[Provided records — start]

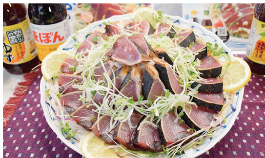
▲旬の野菜と食べる「カツオのつけ盛り」を試食提案した
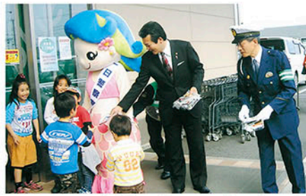
東金 大網ベイシアで市のキャラクターと広報活動を行う。
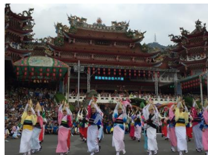
東京高円寺阿波おどり台湾公演 2019 の様子

一般財団法人杉並区交流協会と連携し「東京高円寺阿波おどり台湾公演」（5 月）及び「国立台湾戯曲学院杉並公演」（11 月）を実施し、区と台湾との相互交流を推進します。
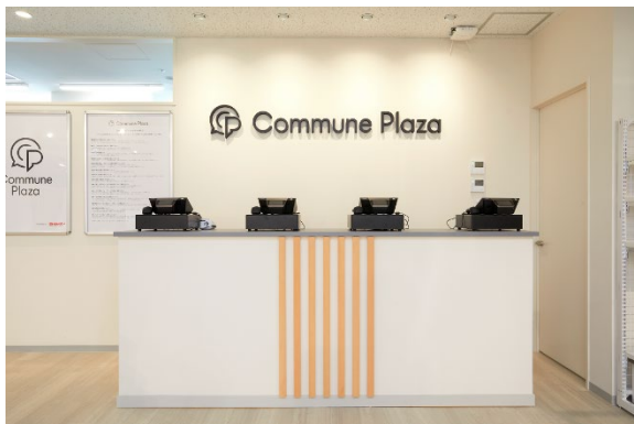
「Commune Plaza」内観(レジスペース)
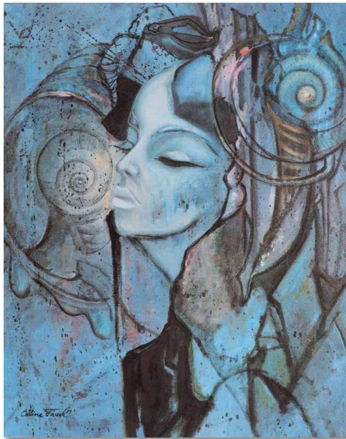
©Femme indigo - huile
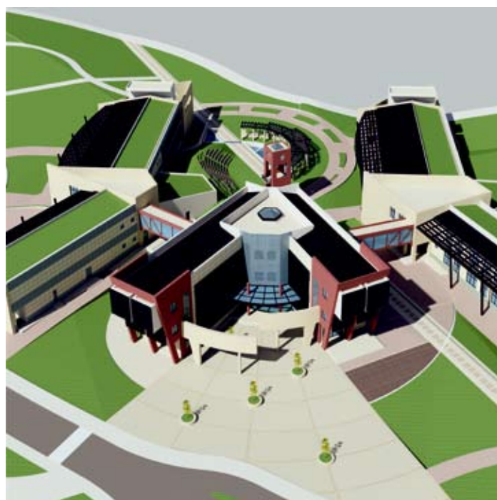
Εικ. 5: Τρισδιάστατη απεικόνιση της Α! Φάση ανάπτυξης των Σχολών της Πανεπιστημιούπολης Κοζάνης. (βιοκλιματικός σχεδιασμός κτιρίων)
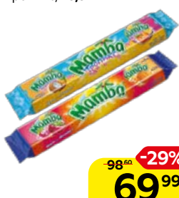
Конфеты жевательные МАМБА, классические/тропикс, 79,5 г
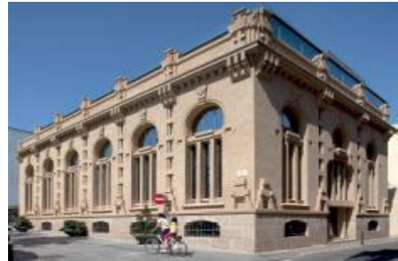
Central elèctrica "La Energía" (Sabadell) / Teresa Llordés
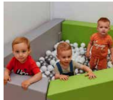
O, pa nitko nije rekao da će biti baš tako „kul“!

datne vrtićke skupine od 16-ero djece i ona će s radom početi čim od nadležnih tijela stignu sve dozvole i rješenja. A to znači da će tada vrtić u Radovanu zbrinjavati ukupno 84-ero djece.
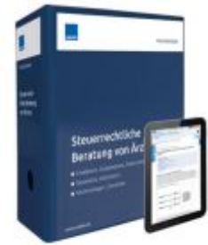
Steuerrechtliche Beratung von Ärzten Ladenpreis: 250,80EUR
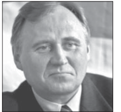
Мікола Статкевіч («Эўракааліцыя»)
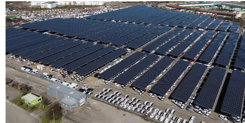
Ombrières photovoltaïques sur un parking de la ZI de Corbas (69)

[Provided records — finish]

### How to complete this task
Although the records contain pictures, restate them word for word with those pictures left out.

### Response
▲旬の野菜と食べる「カツオのつけ盛り」を試食提案した
東金 大網ベイシアで市のキャラクターと広報活動を行う。
東京高円寺阿波おどり台湾公演 2019 の様子

一般財団法人杉並区交流協会と連携し「東京高円寺阿波おどり台湾公演」（5 月）及び「国立台湾戯曲学院杉並公演」（11 月）を実施し、区と台湾との相互交流を推進します。
「Commune Plaza」内観(レジスペース)
©Femme indigo - huile
Εικ. 5: Τρισδιάστατη απεικόνιση της Α! Φάση ανάπτυξης των Σχολών της Πανεπιστημιούπολης Κοζάνης. (βιοκλιματικός σχεδιασμός κτιρίων)
Конфеты жевательные МАМБА, классические/тропикс, 79,5 г
Central elèctrica "La Energía" (Sabadell) / Teresa Llordés
O, pa nitko nije rekao da će biti baš tako „kul“!

datne vrtićke skupine od 16-ero djece i ona će s radom početi čim od nadležnih tijela stignu sve dozvole i rješenja. A to znači da će tada vrtić u Radovanu zbrinjavati ukupno 84-ero djece.
Steuerrechtliche Beratung von Ärzten Ladenpreis: 250,80EUR
Мікола Статкевіч («Эўракааліцыя»)
Ombrières photovoltaïques sur un parking de la ZI de Corbas (69)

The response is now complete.